Mitigation: Configure quorum-based elections. Enforce a rule that a master can only be elected if a majority of nodes are present:minimum_master_nodes = (total_nodes / 2) + 1. This prevents split-brain partitions, as only the majority partition can elect a master, while the minority partition shuts down writes.
17. Security Design
- Query Escaping: Sanitize incoming search queries to prevent Lucene query injection (e.g. injecting wildcard filters to scrape hidden products).
- Payload Encryption: Enforce TLS encryption for inter-node shard replication traffic.
18. Monitoring & Observability
- Search Latency (p99): Alert if search query response times exceed 100ms.
- Segment Merge Queue: Track the number of background segment merge tasks.
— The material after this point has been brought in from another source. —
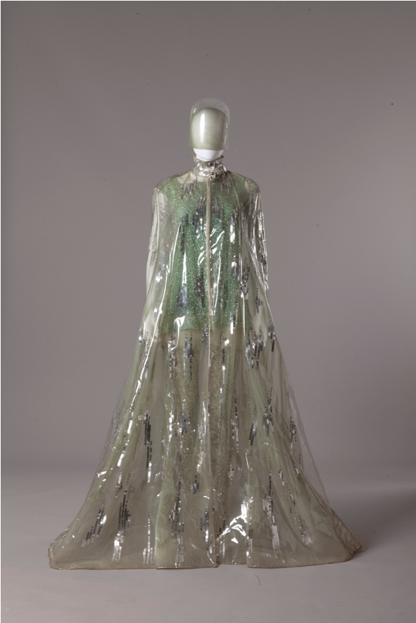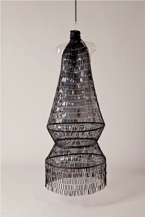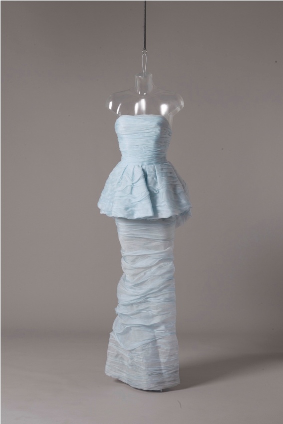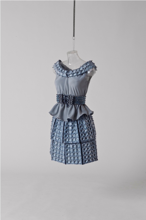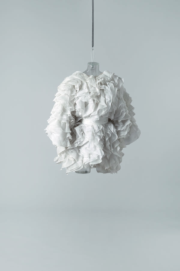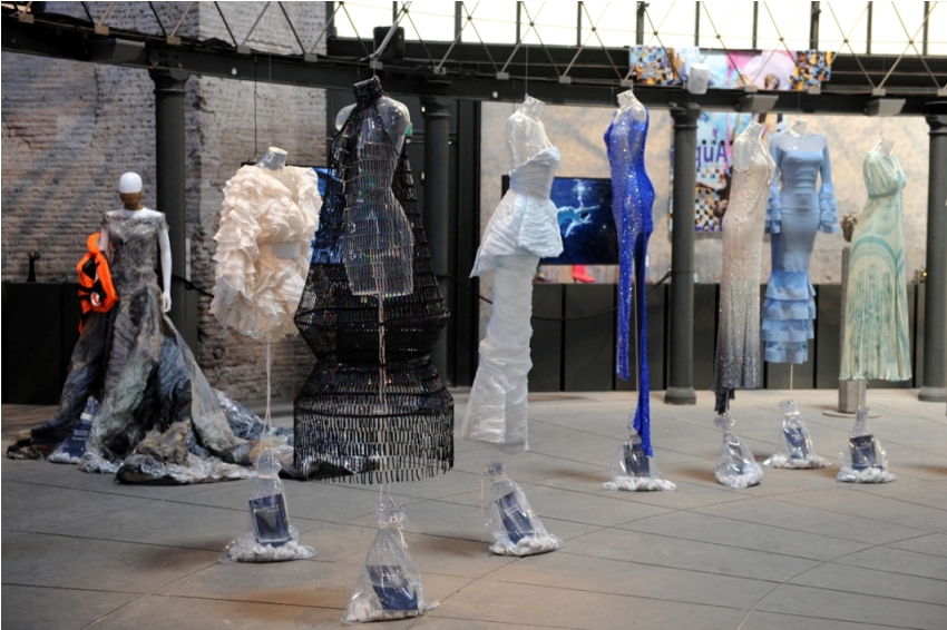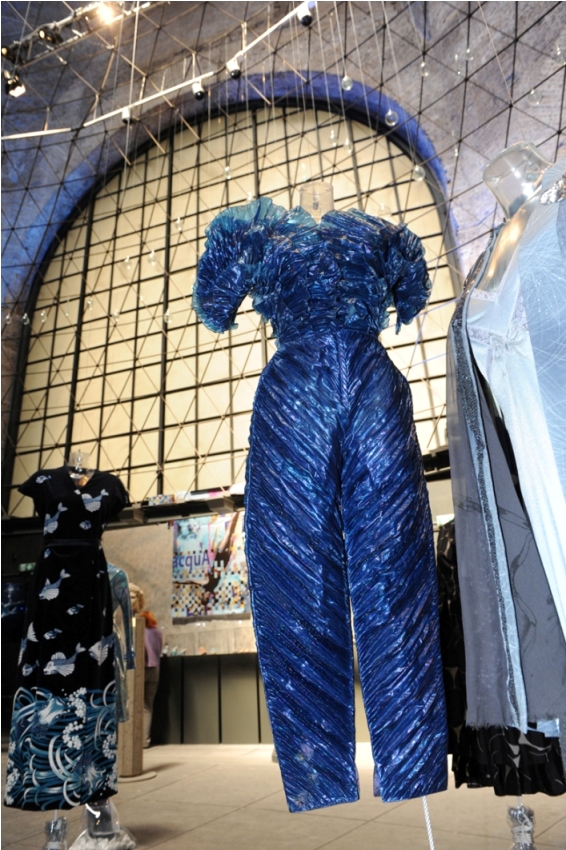 Una mostra circolare, come il luogo che la accoglie, come la “Regina dei rifiuti” -abito scultura- di Enrica Borghi troneggiante al centro della sala. Un suggestivo gioco di luci per un’atmosfera lunare. Un celeste che sfuma al lilla per poi stemperarsi sui toni rosati fende sfere di cristallo trasparente: sono le molecole di acqua sospese in aria che, come -fortunate stelle cadenti- calano tra le varie silhouette.

A backlog indicates disk bottleneck limits.
19. Cost Optimization
Historical analytics search queries (e.g. searching invoice records from 3 years ago) are rarely accessed but consume expensive SSD space.
We implement Hot-Warm-Cold Architecture Tiering:
- Hot Nodes: Keep recent product catalog shards on expensive, high-speed NVMe drives.
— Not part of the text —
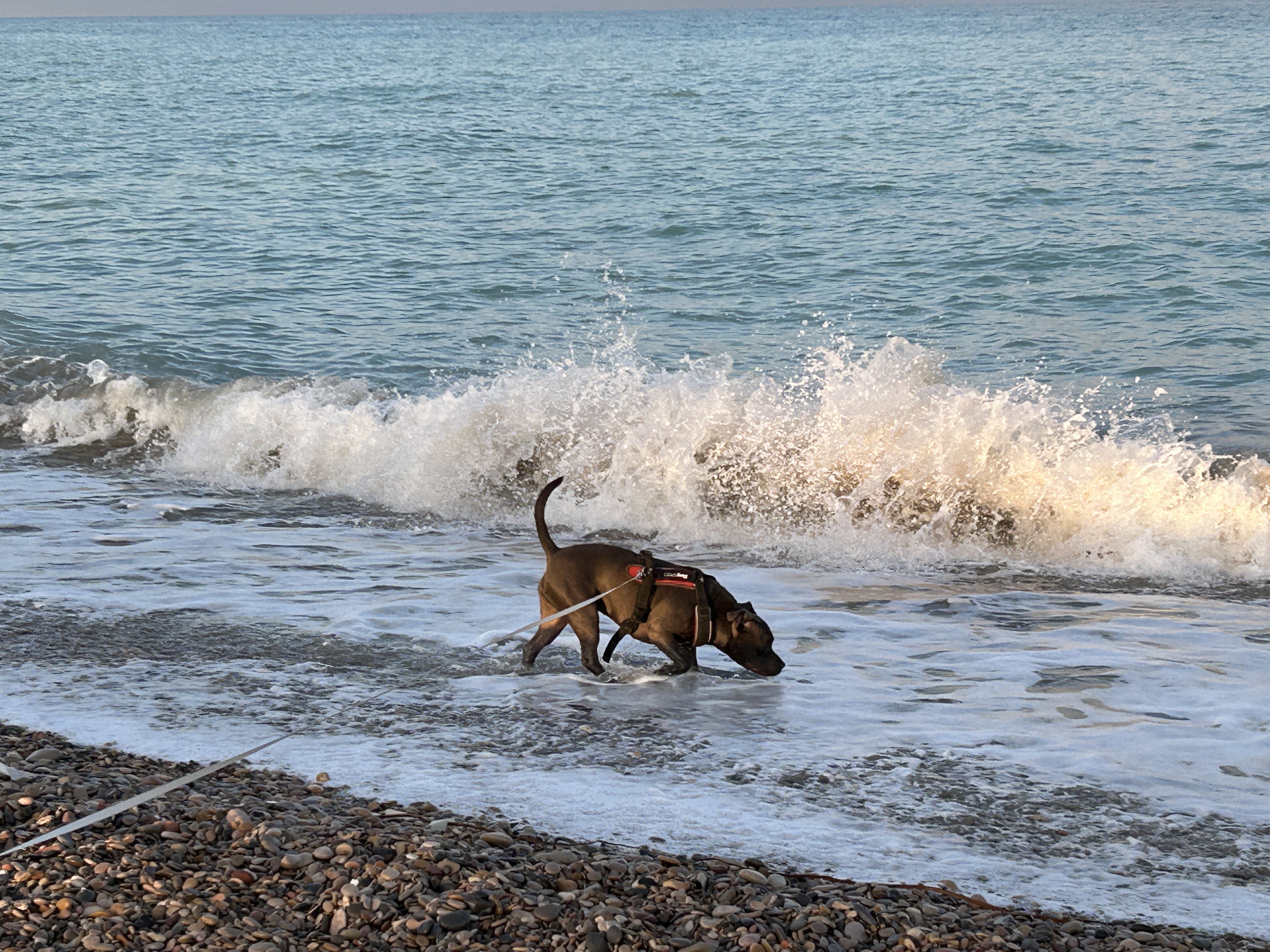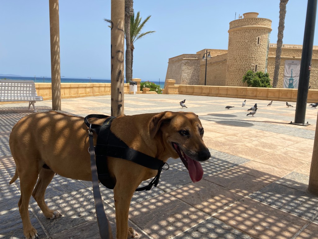 Istendenfor å kjøre motorveien, A7, tok vi turen langs kystveien og alle plastkorridorene, deretter veien gjennom Almeria sentrum. Vi hadde planlagt å stoppe å besøke et av drivhusene og de største grønnsaksprodusentene, ikke minst, se det berømte og imponerende slottet Alcazaba. Men, igjen så var det for varmt, både for to- og spesielt for de firbeinte. Det var alt for varmt å la dem sitte i bilen, og ute var det 38 grader, og det aller største problemet, asfalt som er brennhet og svir sarte poter.
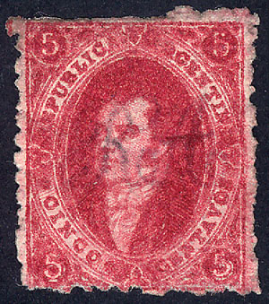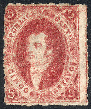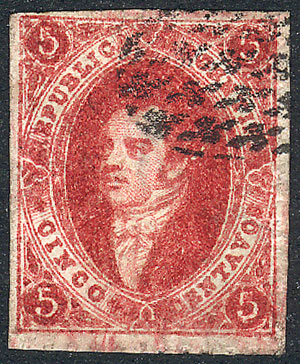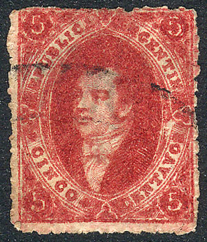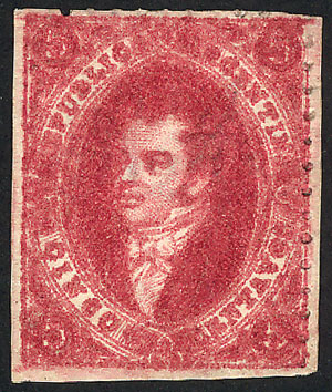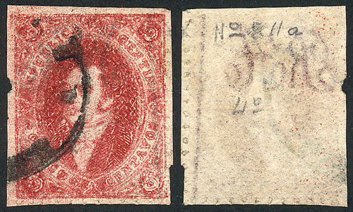 printing, dark rose, CLEAR IMPRESSION, dirty plate, with PASO DE LOS LIBRES cancel, VF quality! (Image)

- Warm Nodes: Store historical logs on cheaper HDDs.
- Cold Nodes: Archive older logs in compressed formats on S3, keeping storage costs low.
20. Production Improvements: Trie Auto-complete
To serve auto-complete suggestions under 10ms, we build a dedicated Trie structure in-memory:
- As catalog data updates, terms are inserted into a Trie (Prefix Tree).
- For each prefix node, we store the top 10 most popular completed terms.
- The Trie is compiled into a Redis Sorted Set (ZSET) cache. When a user types a prefix, the Suggest Service queries Redis using range queries, returning matching suggestions near-instantly.
21. Interviewer Follow-up Questions
Interviewer:
"What happens when a product's price updates? How do we update the index without re-indexing the entire text document?"
Candidate:
Lucene documents are immutable. An update is technically a Delete-and-Insert operation:
1. When a price changes, Lucene marks the old document ID as "deleted" in a bitset file.
2. A new document containing the updated price is written to a new index segment.
3. During queries, deleted documents are filtered out using the bitset.
4. During background segment merges, the deleted rows are permanently purged, reclaiming space.
22. Final Architecture
The complete search service setup featuring document sharding, query coordinators, and Trie caches:
23. Summary
We designed a distributed search service to index 100M items at 50,000 QPS. We chose Document Partitioning (sharding by Document ID) to avoid distributed lock bottlenecks during writes. Lucene segment buffering guarantees near real-time ingestion under 1 second, while OS filesystem caching keeps search latency below 50ms.
24. Cheat Sheet
| Scale Parameter | Value | Architectural Strategy | Goal |
|---|---|---|---|
| Catalog Index Size | 300 GB (100M docs) | 12 Shards * 25 GB each | Keeps shard sizes within the optimal 20-30 GB range for fast disk merges. |
| Query Rate | 50,000 QPS | Horizontal Read Replicas (x3 replication) | Distributes read load, preventing node saturation. |
| Ingestion Ingress | 10,000 updates/sec | 1s segment commits + filesystem caching | Reduces disk write I/O by batching segment creations in memory. |
| Auto-complete | < 10ms latency | Redis Sorted Set (Trie indices) | Bypasses main search shards, serving suggestions directly from memory. |
25. Candidate Interview Evaluation
Hiring Recommendation: Strong Hire
- Strengths: Candidate demonstrated deep technical knowledge of Lucene segment structures. The sharding trade-off comparison between Term and Document partitions was exceptional.
- Areas of improvement: Could have spent more time detailing JVM garbage collection options, though the filesystem cache description was highly accurate.
Key takeaways
- Store text mappings in an inverted index sharded by Document ID.
- Separate ingestion nodes from query replication tiers to isolate disk I/O.